Zwar haben die Krankenkassen als Rehabilitationsträger nach dem SGB IX die Verpflichtung,

  • die Möglichkeit von Leistungen zur Teilhabe zu prüfen (§ 9 SGB IX),
  • die Erwerbsfähigkeit zu sichern (§ 10 SGB IX),
  • den Rehabilitationsbedarf zu erkennen und zu ermitteln (§§ 12, 13 SGB IX) und
  • die Teilhabeplanung nach Einwilligung des Leistungsberechtigten durchzuführen (§§ 19 bis 23 SGB IX),

aber diese Verpflichtungen greifen nur, wenn eine Behinderung eingetreten ist oder einzutreten droht (§ 2 Abs. 1 i.V.m. § 7 Abs. 2 SGB IX).
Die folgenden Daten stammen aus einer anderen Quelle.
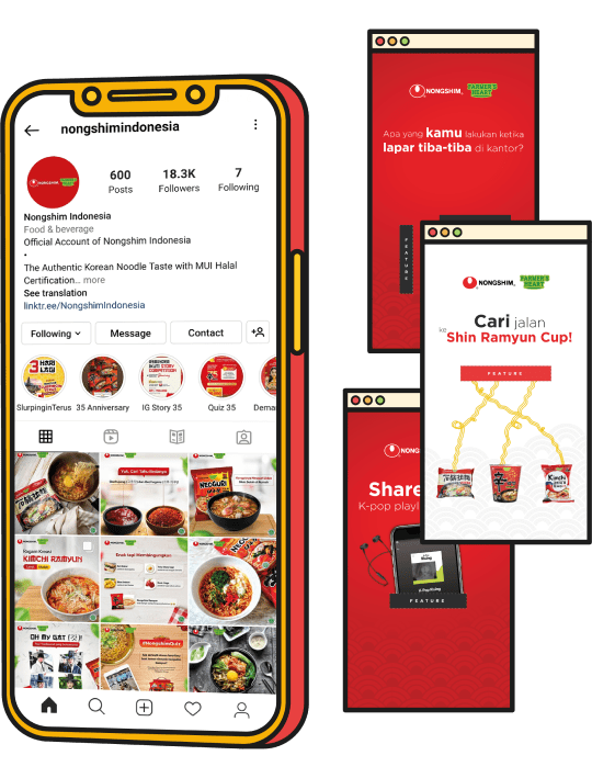 We managed Nongshim Indonesia’s social media content with interactive content and key visual to communicate the key communication about Halal authentic korean ramyun in Indonesia.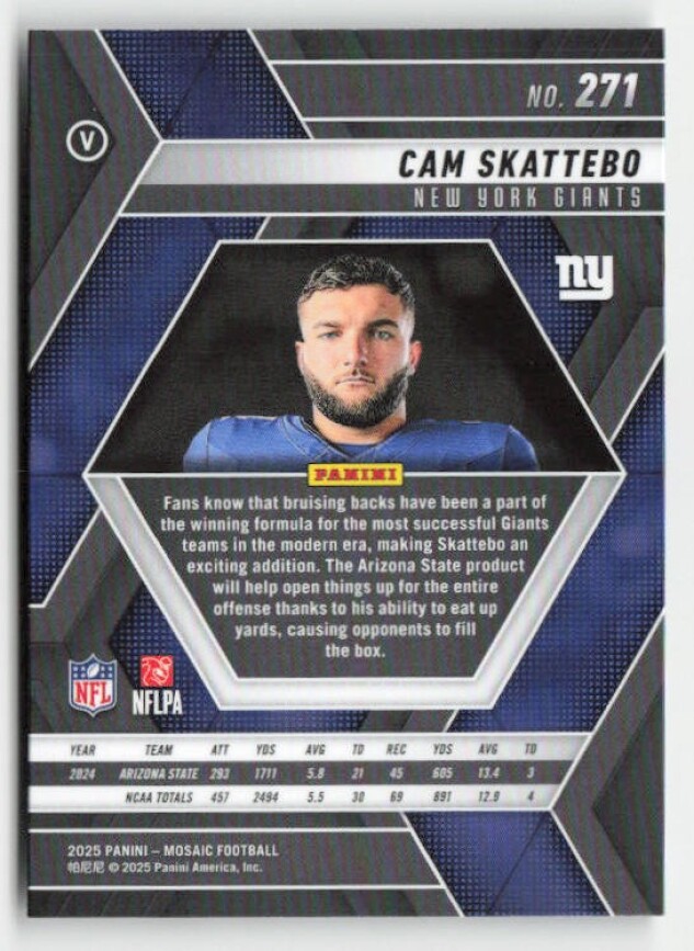 You are purchasing a 2025 Panini Mosaic Cam Skattebo #271 RC. You will receive the exact item in the photographs. Thank you for looking.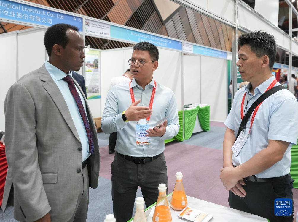 10月28日,在肯尼亚首都内罗毕举行的2025非洲国际农业博览会上,展商向来宾介绍产品。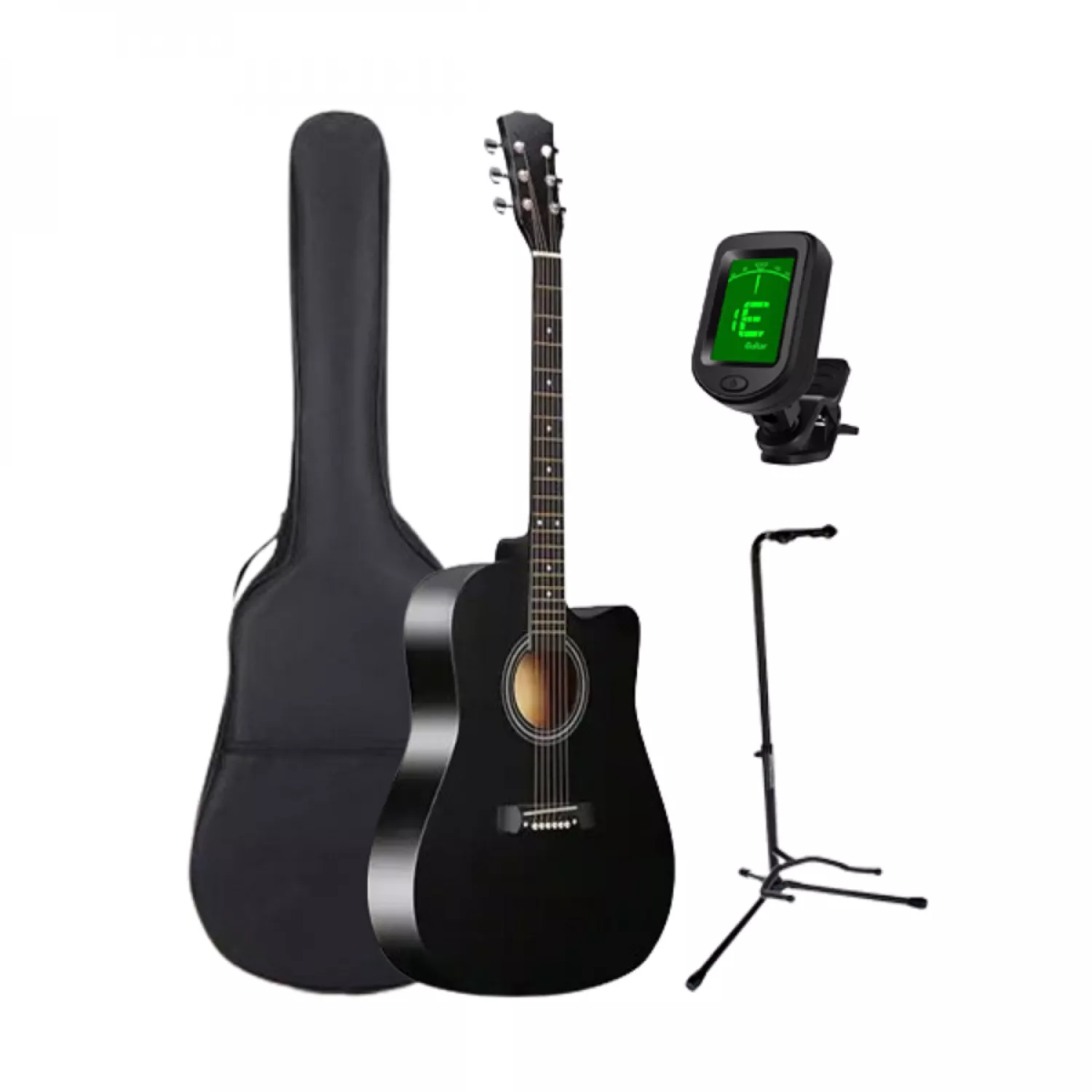 В комплект входит гитара, футляр, подставка для гитары и тюнер
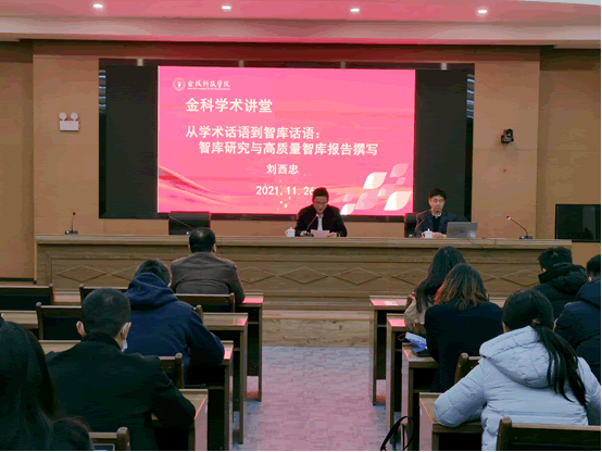 11月26日上午,江苏省社科联研究室主任刘西忠应邀作题为《学术话语到智库话语:智库研究与高质量智库撰写》的学术报告,2021年新入职教师、商学院、人文学院、动漫学院、外国语学院等相关学院教师参加了报告会。报告会由科技处处长刘磊主持。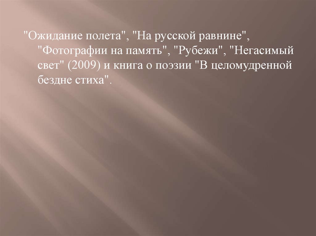"Ожидание полета", "На русской равнине","Фотографии на память", "Рубежи", "Негасимый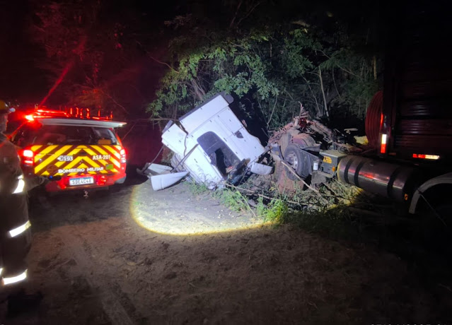 Com o impacto, o motorista do Scania, de 51 anos, foi arremessado para fora da cabine. Segundo os socorristas, ele estava consciente, mas apresentava múltiplas escoriações pelo corpo. Já o condutor do Mercedes-Benz, de 61 anos, também consciente, sofreu traumatismo craniano e várias escoriações.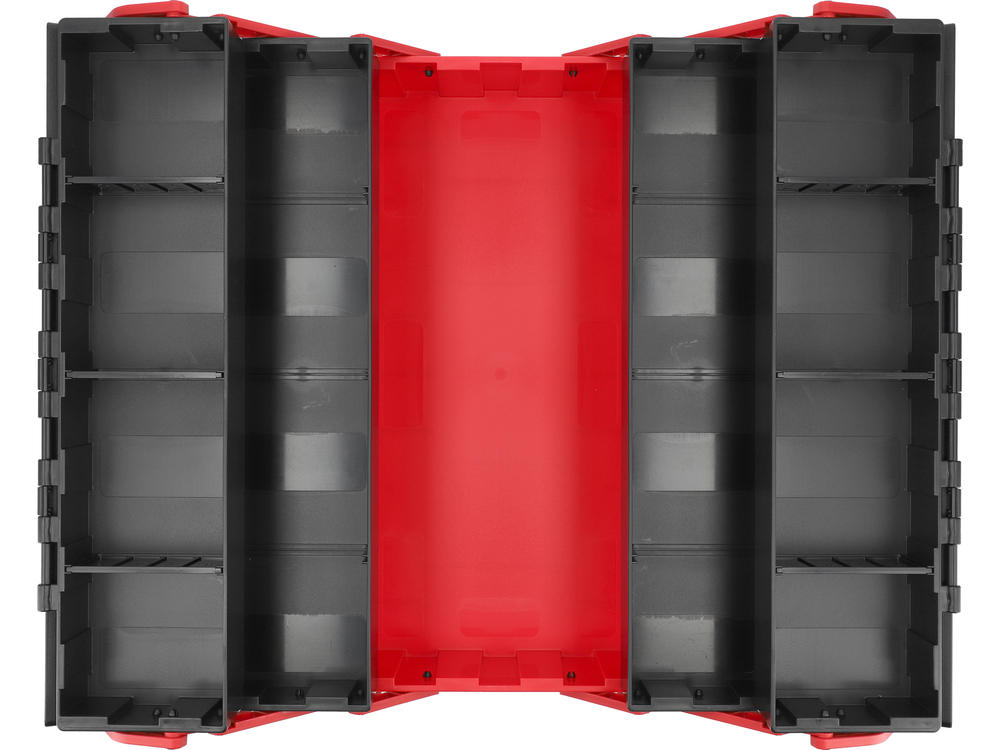 Wyposażona w pięć pojemnych półek - komorę główną oraz po dwie boczne - umożliwia wygodne rozmieszczenie i szybki dostęp do potrzebnych elementów. Dzięki maksymalnemu obciążeniu 30 kg skrzynka bez problemu pomieści narzędzia ręczne, drobne akcesoria czy elementy montażowe.

Viele arbeitsunfähige Versicherte sind aber weder behindert, noch von Behinderung bedroht. Sie haben jedoch das Bedürfnis, von der Krankenkasse Unterstützung und Beratung zu erhalten – insbesondere bei länger andauernder Arbeitsunfähigkeit. Ziel ist die Erlangung der Arbeitsfähigkeit und die Abklärung von medizinischen Leistungen zur Besserung des Gesundheitszustandes. Mit § 44 Abs. 4 übernimmt die Krankenkasse hier die Funktion des "Kümmerers" – allerdings nur dann, wenn der Versicherte das auch möchte; bei einer fehlenden Einwilligung des Versicherten bzw. bei Widerruf der Einwilligung darf die Krankenkasse den Versicherten in ihrem Leistungsgeschehen nicht benachteiligen. Außerdem dürfen die Mitwirkungspflichten gemäß den §§ 60 ff. SGB I einschließlich der Folgen bei fehlender Mitwirkung von der Krankenkasse im Zusammenhang mit § 44 Abs. 4 nicht angewandt werden.

 

Rz. 36

Wenn der Versicherte der Durchführung eines "Krankengeldfallmanagements" i.S.d. § 44 Abs. 4 zugestimmt hat, erfolgt in der Praxis ein erstes persönliches oder telefonisches "Beratungsgespräch" zwischen dem Sachbearbeiter der Krankenkasse (i.d.R. Krankengeldfallmanager) und dem Versicherten. Damit die Krankenkasse später Maßnahmen vorschlagen und auf eine Antragstellung hinwirken kann, benötigt sie hierzu vom Versicherten meist noch zusätzliche Informationen – und zwar je nach Bedarf z.B.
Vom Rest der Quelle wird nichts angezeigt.